Она всегда так ходит – в одном платье на голое тело – благо жара… да и промозглой самаркандской зимой она тоже в этом платье. Закаленная. Разве что платок накинет.

– Красивая ты! – любуется он. – Венера Милосская! Дай – порисую!

– Жестокие вы люди – художники! – мрачно говорит Лида, ныряя к нему в кровать. – Уйду я от тебя… между прочим: там у меня в кармане три рубля, – добавляет она. – Возьми утром.

– Я ж тебе растолковывал, – обижается он. – Пойди куда-нибудь к подругам, поешь… у меня пусто… стипендию жду… А рисовать мне всегда надо, такая уж моя жизнь!

– Не жизнь это, – говорит она и сразу засыпает.

Он лежит рядом и думает: у кого бы денег занять?

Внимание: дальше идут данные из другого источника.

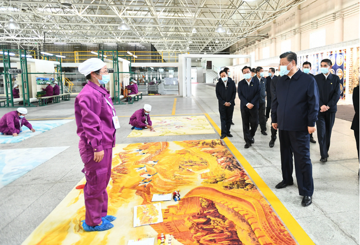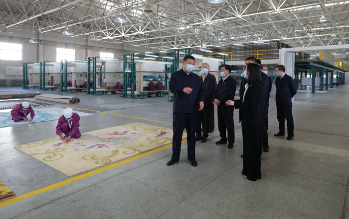 7日下午,習(xí)近平總書記來到青海圣源地毯集團(tuán)有限公司,走進(jìn)生產(chǎn)車間、設(shè)計部門察看產(chǎn)品生產(chǎn)、設(shè)計情況。習(xí)近平表示,藏毯是一種特色產(chǎn)業(yè),你們很好把傳統(tǒng)工藝和現(xiàn)代工藝結(jié)合在一起,契合了個性化、多樣化的市場需求。藏毯產(chǎn)業(yè)是符合青海實際的產(chǎn)業(yè),有扶貧致富、推進(jìn)鄉(xiāng)村振興的作用,還有促進(jìn)民族團(tuán)結(jié)的作用。習(xí)近平希望青海發(fā)展更多這樣的特色產(chǎn)業(yè),靠創(chuàng)新實現(xiàn)更好發(fā)展。

Перебирает в уме однокурсников… нет, никто не даст. Кто может, те уже дали. «Вот положение! – думает он. – Есть Богиня, так прокормить ее нечем!» Он откидывает одеяло и смотрит, как она спит. Ровно колышется идеальная грудь… Идеальный живот… Идеальные ноги…

Эта Лида живет как птица небесная. Он часто, лаская, называл ее кукушкой. Кукует то у него, то неизвестно где. Ревности у него не было, ревность денег стоит. Подло это, конечно, – что ревности нет, – но такой уж он человек, и она это знает. Если ревновать, то надо училище бросать, идти работать, вить гнездо… Не здесь же ему вить гнездо – в Самарканде, – он здесь птица перелетная – его гнездо на Севере. В Москве его гнездо, правда, пустое, разоренное, но он еще туда вернется! Он в это верил свято. А еще он верил, что главное для него – живопись… И Лида для него тоже – живопись.

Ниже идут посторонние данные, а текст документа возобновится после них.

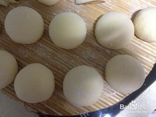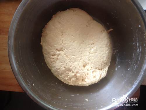 面团发至原来2倍大,放面板上排气,揉匀,面板上放适量面粉,防止粘在面板上。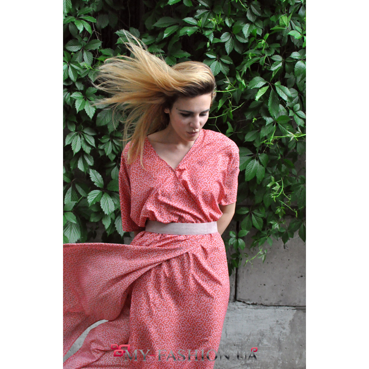 Очень свободное, лёгкое и удобное дизайнерское платье розового цвета с необычным мелким принтом. Изделие с цельным рукавом до локтя, свободная полочка запахивается, создавая ощущение максимального домашнего комфорта. Талию подчёркивает светлый пояс. Оригинальные разрезы на рукавах гармонично перекликаются со шлицами на длинной прямой юбке. Состав: 100% полиэстер. В наличии размер М, остальные - под заказ. Также эта модель представлена в голубом и оранжевом цветах.

Он смотрит на ее божественное тело – и от этой красоты просыпается… барабанит дождь по палатке.

– Надо же, – проворчал Семенов. – Никуда, видно, от нее не денешься!

И звонок опять зазвучал – будто рядом, в палатке стоял телефон. Звонок настойчиво звал его назад – на среднеазиатские дороги его молодости…

Семенов протянул руку, чтобы закурить.

– Спи, – бормотал снаружи дождь. – Ну, чего проснулся? И курить не надо! Вот кончу лить – пойдешь к своим рыбам.

– А ты не очень-то хлюпай, – ответил дождю Семенов. – Все равно ловить пойду, хоть и в дождь!

«Напряженный я какой-то, – подумал он. – И спать хочу – и не могу. Сказался, видно, перелет из Москвы: восемь часов летели, да еще тут – вертолетом…»

Он сел в пасмурной полутьме палатки, прислушиваясь к лепету дождя. Капли то редкие, тяжелые, то мелкие, частые… Вдруг солнце откуда-то блеснуло – невидимое! Тучевая и солнечная кутерьма за стенами. Всегда здесь так, в горах. Но выглядывать из палатки не хотелось: он все еще думал о натурщице… Он понял, что ему хотелось о ней думать… Он опять лег.

21

Лиду он нашел на Самаркандском базаре. Виноват был во всем преподаватель живописи и классный руководитель Айзик Аронович Гольдрей:

– Ви би сходили на базар, Семенов, – сказал он как-то на перемене. – Достали би натурщицу.

Гольдрей произносил «и» вместо «ы». Всех студентов он называл на «вы» и только по фамилиям.

– Как это я вам натурщицу достану? – смеется Семенов. – Что они там – продаются?

– Вы не говорите глупостей, Семенов! – сердится Гольдрей. – Там полно натурщиц! Они только не знают, что они – натурщицы… А вы объясните им это! Только смотрите, чтобы фигура была… и скажите ей, что она будет зарабатывать сто рублей в месяц…

Смешной человек – Гольдрей! Говорит «ей», как будто натурщица уже у него в кармане! Но на базаре Семенов теперь не просто виноград покупал, да лепешки, да тутовниковую халву и в чайхане там не просто так сидел, чай прихлебывая, – он присматривался к девушкам… Девушек на базаре хватало – речь идет, конечно, о русских – ибо об узбечках и заикаться бессмысленно: это особый мир, они уж никак не годятся в натурщицы. Но и с русскими у Семенова ничего не получалось – робок был бесконечно: сам как девушка. Ему казалось, если он заикнется какой-нибудь незнакомке о том, чтобы позировать обнаженной, – она его просто к черту пошлет… Так Семенов приглядывался, желая угодить Гольдрею и страдая от собственной неполноценности, пока не представился случай.

22

Как и все бедные студенты Самаркандского художественного училища, студент Семенов мечтал иногда о любви. Он, конечно, мечтал о любви высокой, беззаветной, вечной. И о мимолетной тоже мечтал. «Хотя бы мимолетная, – думал он, – если уж вечной пока нет». Но и мимолетная любовь от него отворачивалась.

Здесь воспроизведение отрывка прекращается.